Queen of the throne

There is something happening here. What it is isn’t exactly clear. Oh, wait yes it is, that’s a song from the 60s, I think. Anyway, let me start again. There is something happening here. It’s called potty training, and I’m getting a double dose of it. I guess you can say I’m up to my ankles in s*&#.

I hate to go into a potty training tangent because it’s all been heard and experienced before. Still, it’s one of those rights of passage that are so important in the annals of parenthood (annals? anals?) Anyway, let me back up and open the door to my twisted mind for a minute. You see, I was feeling a bit unloved, underappreciated, lonely and overworked. The solution to that, of course, was to get a puppy. Right? Ya with me on this? Adding another mouth-to-feed, needy, living, breathing being was the solution to all my problems. I was so convinced of this that eventually, my logical-thinking, no-nonsense, overworked, guilt-ridden husband bought me a brand new, beautiful, puppy. Which promptly began to piss all over my life.
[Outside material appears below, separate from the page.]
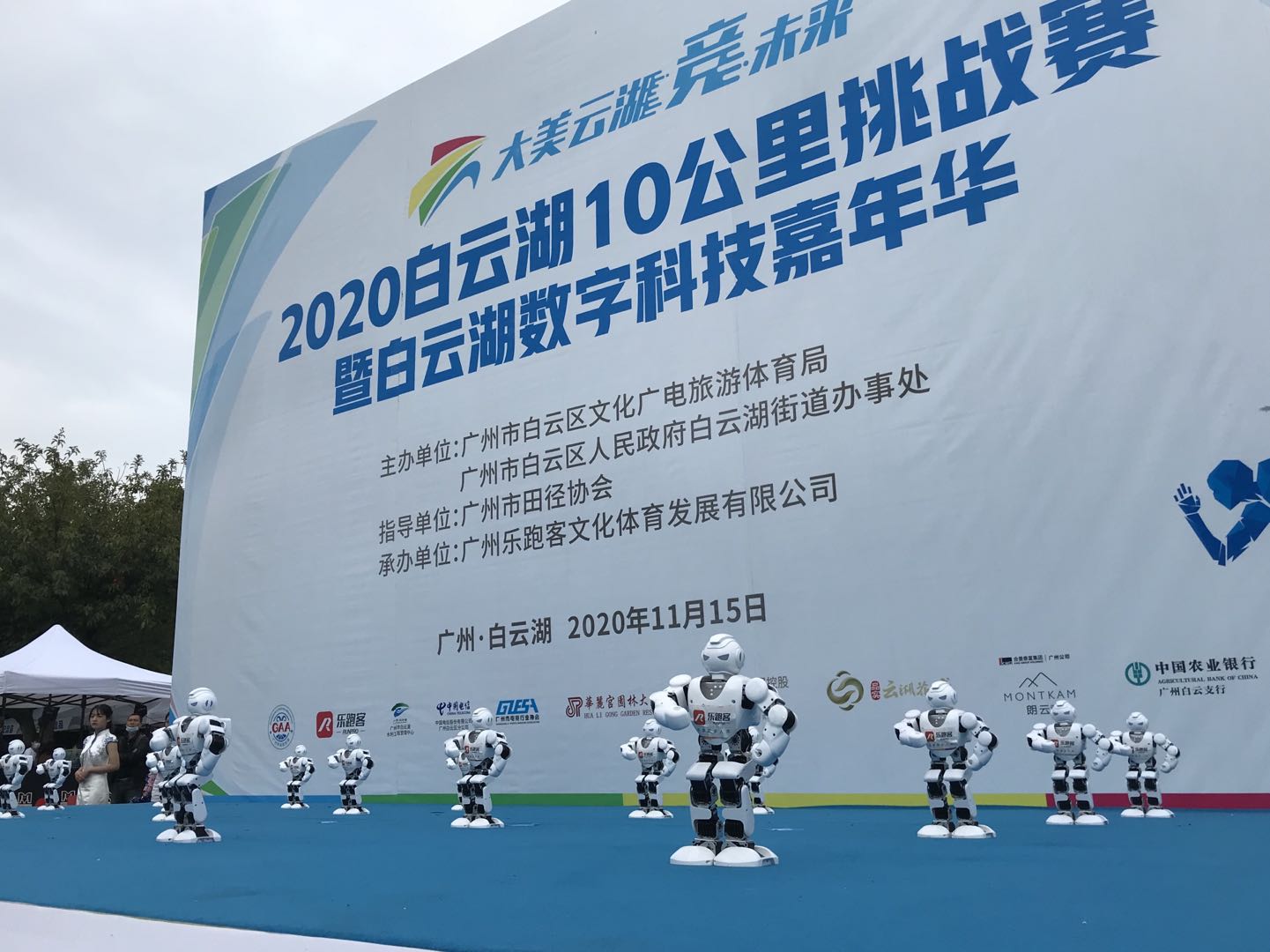 好久不见,甚是想念!今日,热情高涨的跑友们早早欢聚在白云湖公园西门,热身、叙旧。720°VR全景赛道立体展现出白云湖赛道之美,使人眼前一亮。热身环节,一群人工智能机器人闪亮登场,用一套极具科技感的“热身”动作让全场一起摇摆。赛事鸣枪环节,无人机编队相继腾空而起,随着一声令响,无人机在空中变换队形并拉起彩烟,为选手们炫酷领跑。

That is to be expected, but what wasn’t, and should have been was that my 2-almost-3-year-old would need to be potty trained. My sister began to babysit him and immediately started potty training him while I was at work. That forced us to enforce the potty training at home, which we had both been too overworked to do until this point. So that meant I was now responsible for TWO living beings with orifices that unpredictably spew stuff.

This has been tough to say the least. In the mornings as I am rushing around getting kids dressed, meals ready and adding layer after layer of face makeup to hide the fact that I’m getting old, I manage to sit the baby on the potty. While I’m pleading with him to make a “fast pee,” my older boys will either a) bring my puppy out from his crate and let him roam the house looking for a suitable place to release his night’s worth of bounty, or b) they will let him in from outside before he has done his thing.
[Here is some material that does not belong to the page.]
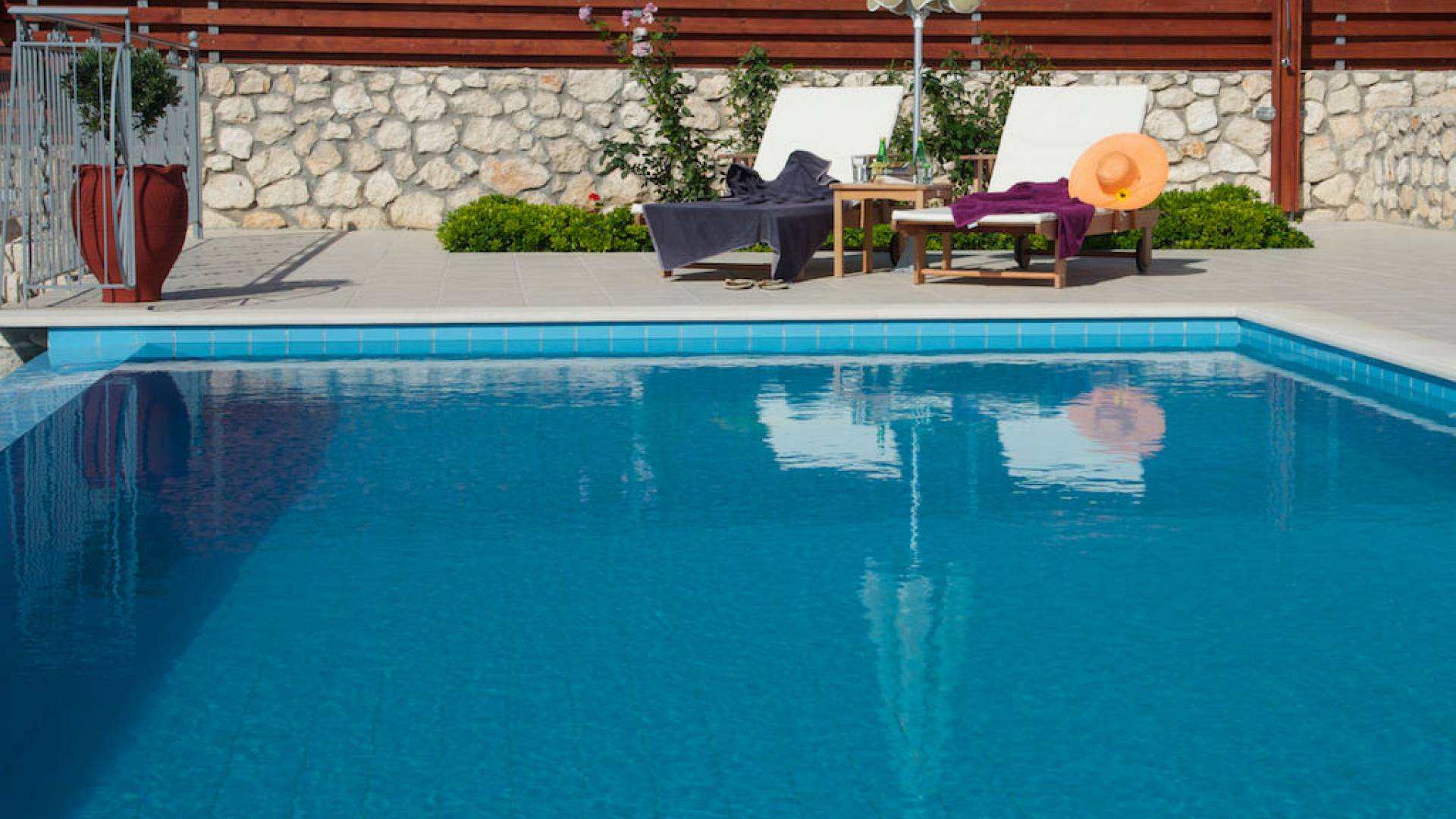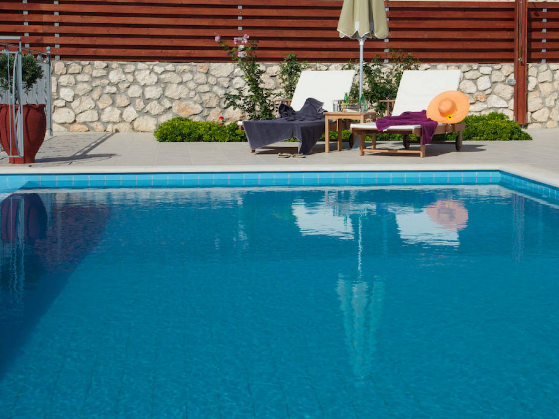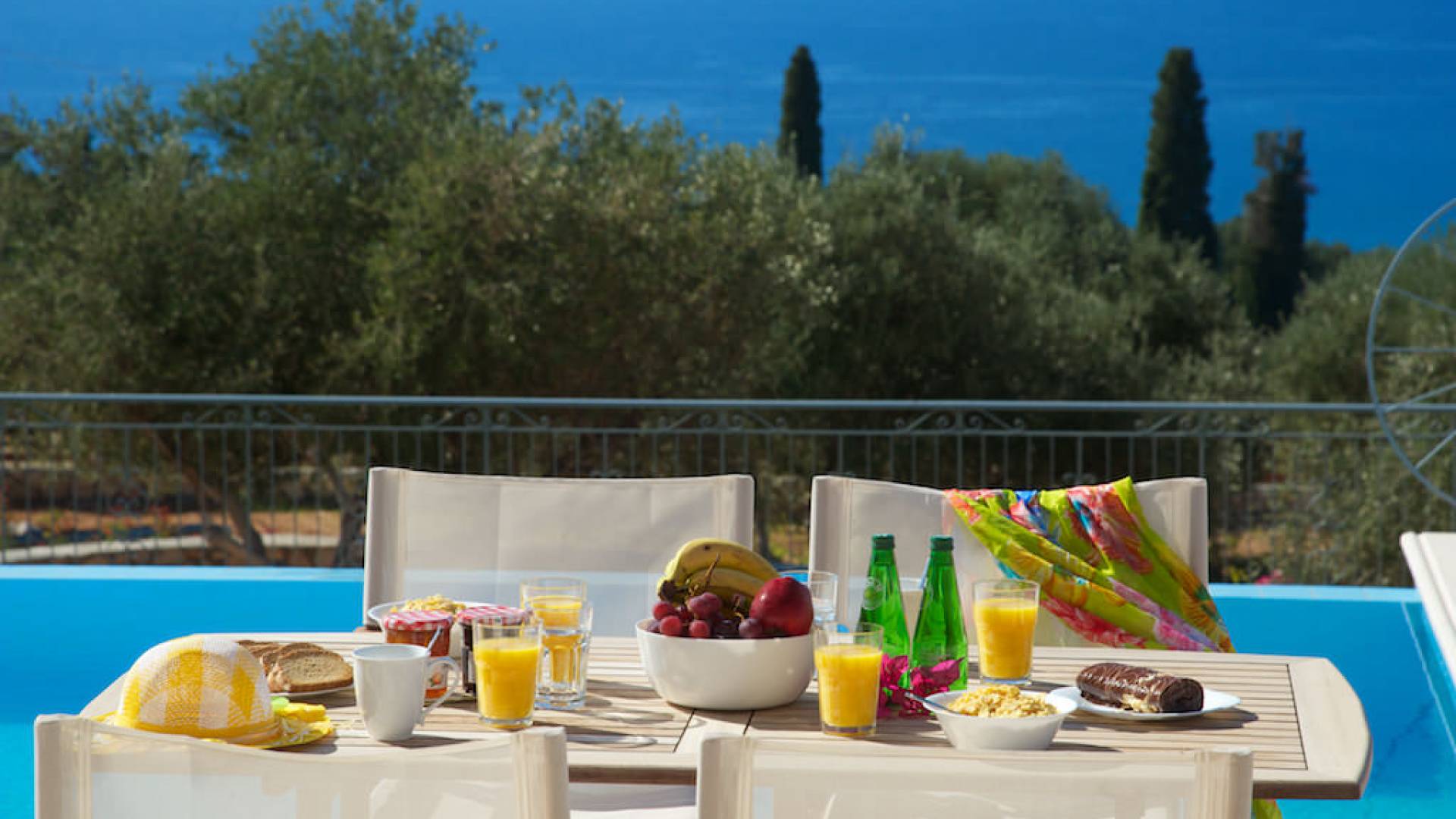 The glorious infinity-edged fully automated pool makes the most of the villa’s location and draws the eye to the distant horizon and the deep blue Ionian Sea. The fully-equipped swimming pool area, with wooden sunbeds, small coffee tables, and umbrellas. The pool is 4.50 meters by 7.00 meters in size and the depth varies from 1.00 meters to 1.70 meters, a feature that makes it suitable for children swimming or playing at the shallow end.
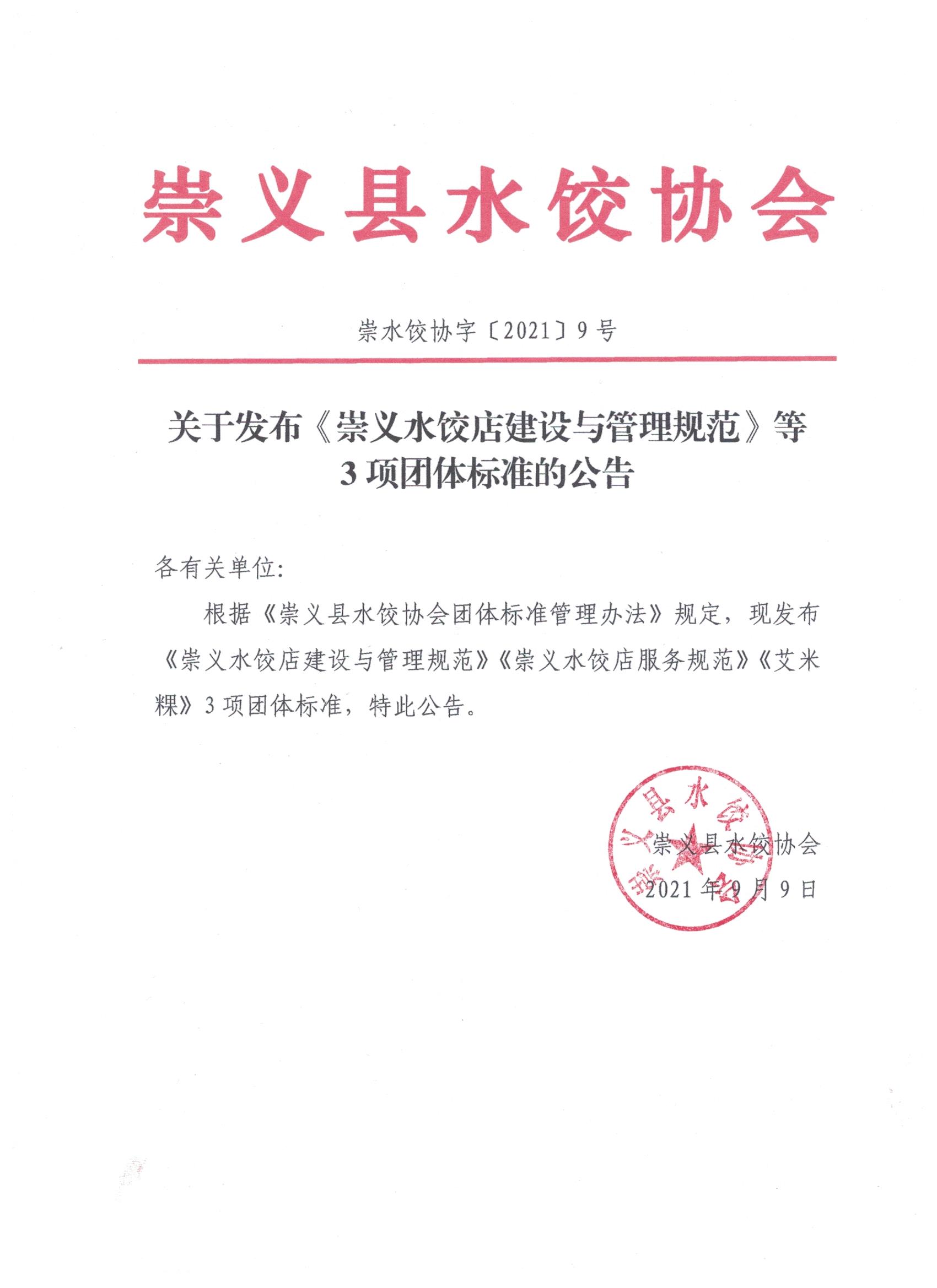 根据《崇义县水饺协会团体标准管理办法》规定,现发布《崇义水饺店建设与管理规范》《崇义水饺店服务规范》、《艾米粿》3项团体标准,特此公告。

So when my baby pees, his little potty plays a regal tune once the pee hits the sensors, and we do a round of high fives and hands in the air and whoops and hollers and we’re ready to go. Only to leave the bathroom and find a puppy mess in the hall. Conversely, if I take the puppy out first and wait with him while he takes care of business, I walk back in to see my baby eating a bowl of cereal while sitting in a pool of pee looking embarrassed. Decisions, decisions.
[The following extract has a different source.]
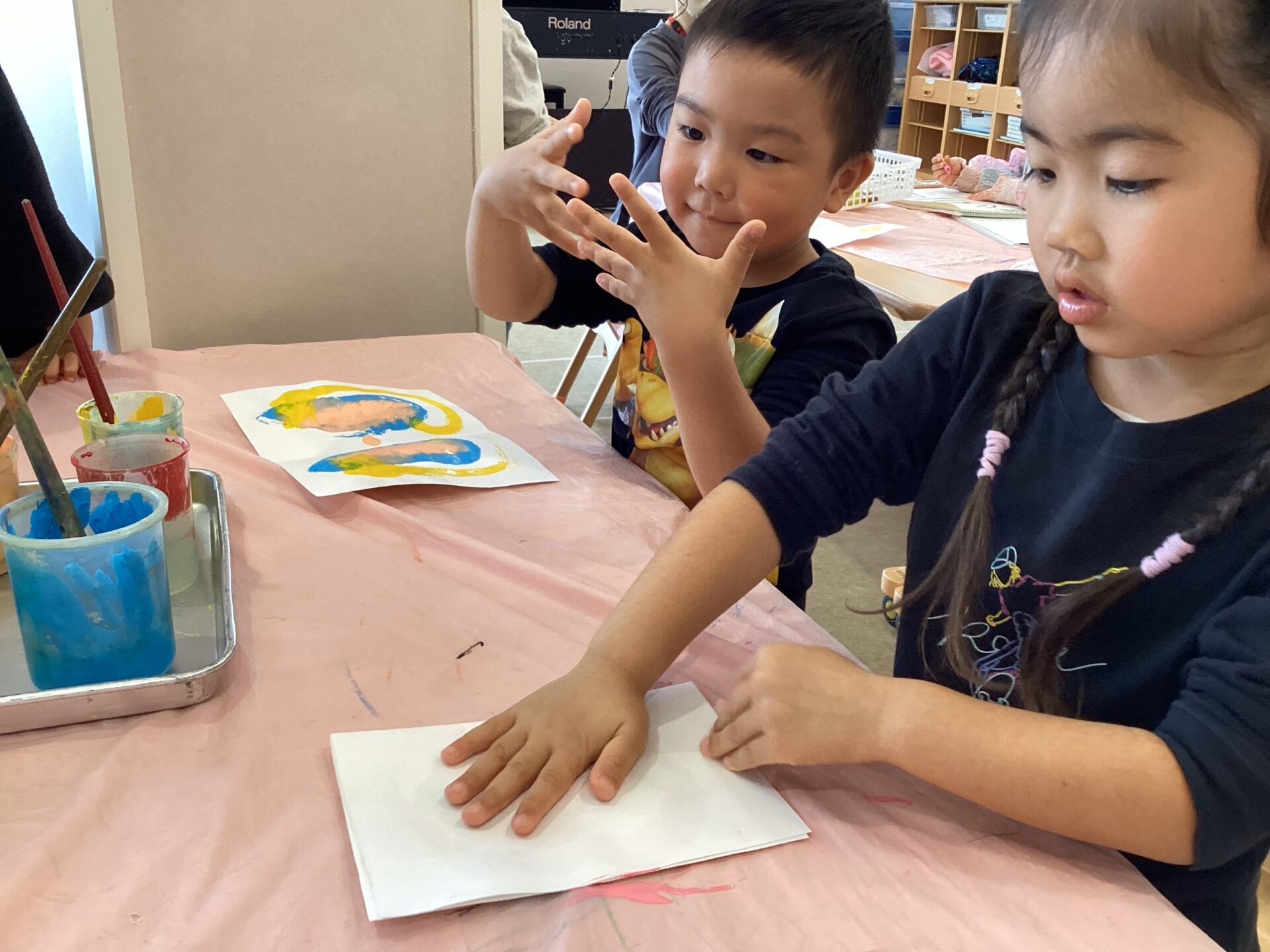 「葉っぱみたいな形ができた」「色が混ざって新しい色ができた」など
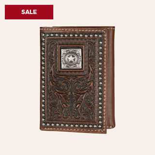 Nocona Brown Floral Tooled with Concho and Studded Edge Tri-fold Wallet

This hasn’t been just my battle either. When my sister was watching him the other day, she noticed that her son and mine were playing fine together and so she ran to another room to straigten up. When her son entered the room by himself, she asked him where my son was. “He’s in the bathroom training himself,” he said.

She ran back to the bathroom only to find my son sitting on the potty but with liquid everywhere but in the pot.

They say that the best way to train is with positive reinforcement. So with the baby, it’s a candy or cookie for getting pee in the pot. For the puppy it’s often a tiny piece of cotto salami or a doggie treat. For both it’s plenty of praise, dancing and high-pitched baby talk, the more it makes you look like a baffoon, the better.

This has become the norm now in our house. Whenever anyone uses the bathroom, they walk out like a rockstar holding their arms up in acceptance of the praise from admiring fans. This was mildly funny and a way to cope with the dorkiness of having to turn on the praise for the two potty trainees. Then my company moved to a new office. My tiny department is upstairs. With it’s own bathroom. Just feet away from my desk.

Now I have a new training to undertake; fighting the urge to clap and cheer whenever my co-workers exit the bathroom.